Comments: Has probably cemented his place in the boiler house for the firsts next season – not because of his performance but because Foley likes him so much after this tour. Was the second most cultured on this tour – he drank a bottle of wine without 7up in it!! In no way Gay, the Trigger snake remained dormant no matter how much the boys played with it!!


Name: Robbie Coles
Sponsor: Doobies R Us & HM Customs and Excise
AKA: Nick Cotton, Jamal’s Bitch, Clifford
Comments: He’s massive!! Could often be found strutting his stuff on a dance floor or round a pole (or was she Czech?) He and Jamal were involved in the greatest love story ever told – I reckon that with the amount he eats, a few dinner dates with him Rob and you may end up the same size as him!! What was that Funny smell in his room
?!?!

Name: Alan Webb
Sponsor: Google
AKA: WWW. The Web, Webby
Comments: Webby was the tour encyclopaedia, anything you needed to know you just consulted the Web; unfortunately it got a virus on the final day and just crashed. Started the tour by nicking a litter bin from a service station before going swimming in a night club’s water feature.
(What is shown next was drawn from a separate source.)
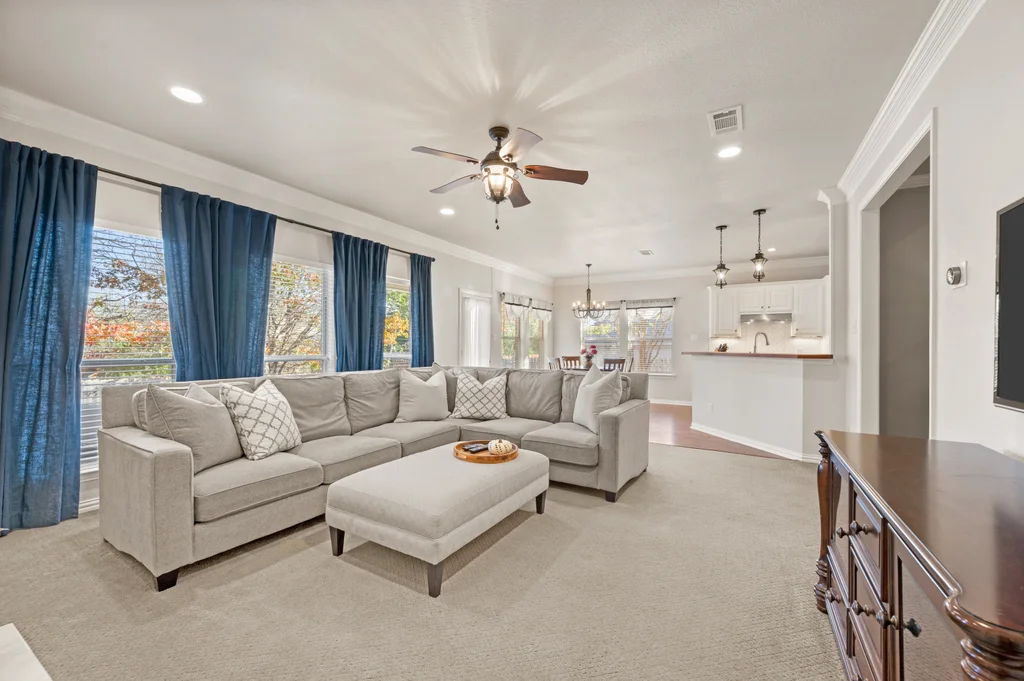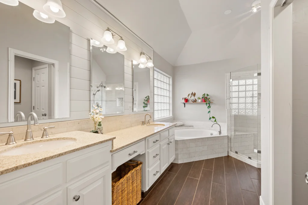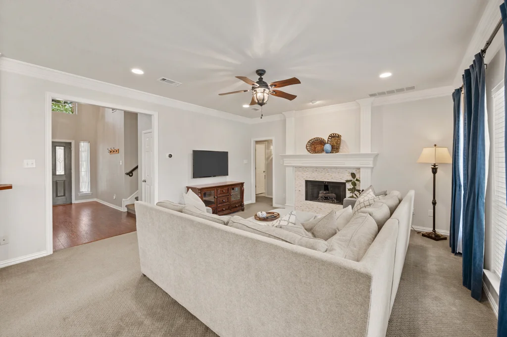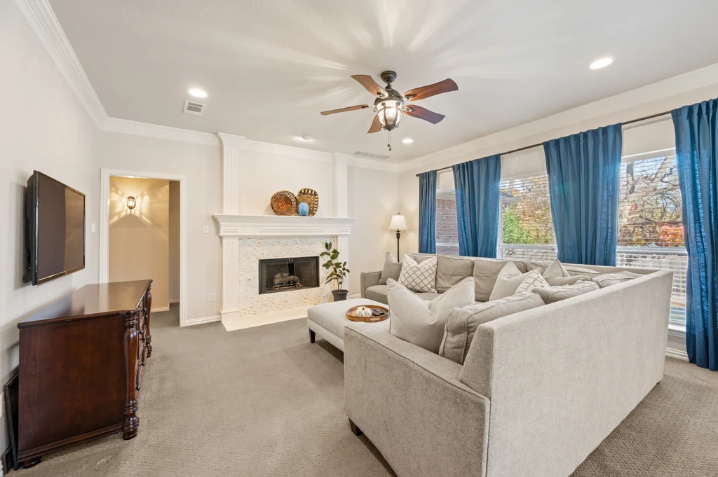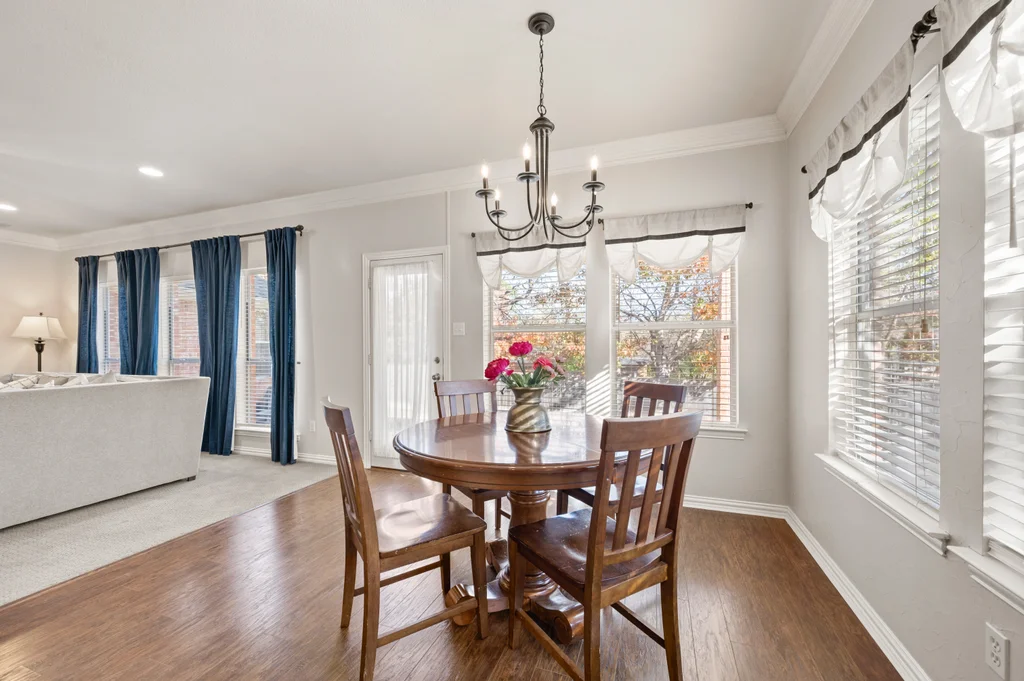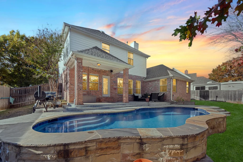 Welcome! Tucked on a quiet cul-de-sac & zoned to a highly sought-after Blue Ribbon elementary school right outside the neighborhood! Pride of ownership & thoughtful design shine throughout. The show-stopping kitchen features a walk-in pantry, rich wood countertops, wraparound breakfast bar, & a HUGE breakfast dining area! Highlights include a stainless-steel appliance package featuring a 30-inch gas 4-burner cooktop w-exterior venting hood, large pots & pan drawers, subway tile backsplash, under-cabinet lighting, a 30-inch convection oven, & a dishwasher with hidden controls & 3 racks inside! Upgraded crown molding flows from the kitchen into the inviting family room with a large, custom tiled fireplace with gas logs. The front formal dining is the flex room that can be used as a dining area if desired, or us it as a home office or a 2nd living area! A wraparound hall closet beneath the stairs offers exceptional storage & doubles as a storm shelter if needed. Updated nickel door hardware and hinges add a polished finish throughout the home. The laundry room is a convenient pass-through to the garage with upper cabinets, & the garage includes a recessed area for a workbench. The large downstairs primary suite is a true retreat with vaulted ceilings, sitting area, and no bedrooms above = QUIET! Enjoy a cedar closet, an oversized walk-in closet with extensive built-ins, & a spa-like ensuite featuring a soaking tub, custom bead board wall, solid surface countertops w-undermount sinks, a custom shower with dual heads, a built-in bench & frameless glass! Upstairs offers three spacious bedrooms & a full bathroom w-dual sinks. Outside, relax or entertain on the 14x8 covered patio, or the 15x8 open patio! Both overlooking a stunning gunnite pool with water features, a deep end & multiple sitting ledges. A HUGE park is DIRECTLY across from this quiet neighborhood featuring 2 fishing ponds, hike/bike trails, loads of grass-field areas, tennis-pickleball court & a playground!

Also decided he didn’t want to score a try, so after crossing the line put the ball down American football styley! Inexcusably ate a kebab with a knife & fork but did stick by Reggie when he got blown out by a warthog. Like his room mate the dirty bastard opted out of showering on this tour! 

Name: Rhys Nicholas
Sponsor: Sea World & The Thai Palace
AKA: Reggie, Ting Tongs Bitch, Ginger Alarm Clock
Comments: Developed a dolphin fetish, stunk more of piss than usual on the first night, early to bed the second night after getting stitched up in P’s & S’s, snogged every bird in Malta the next night (but apparently blowing kisses don’t count!)  Also got blown out by a Russian Bulldog licking piss off a thistle. Fell in love with a beautiful Thai called Ting Tong (….sorry Coach Foley I mean Peter!).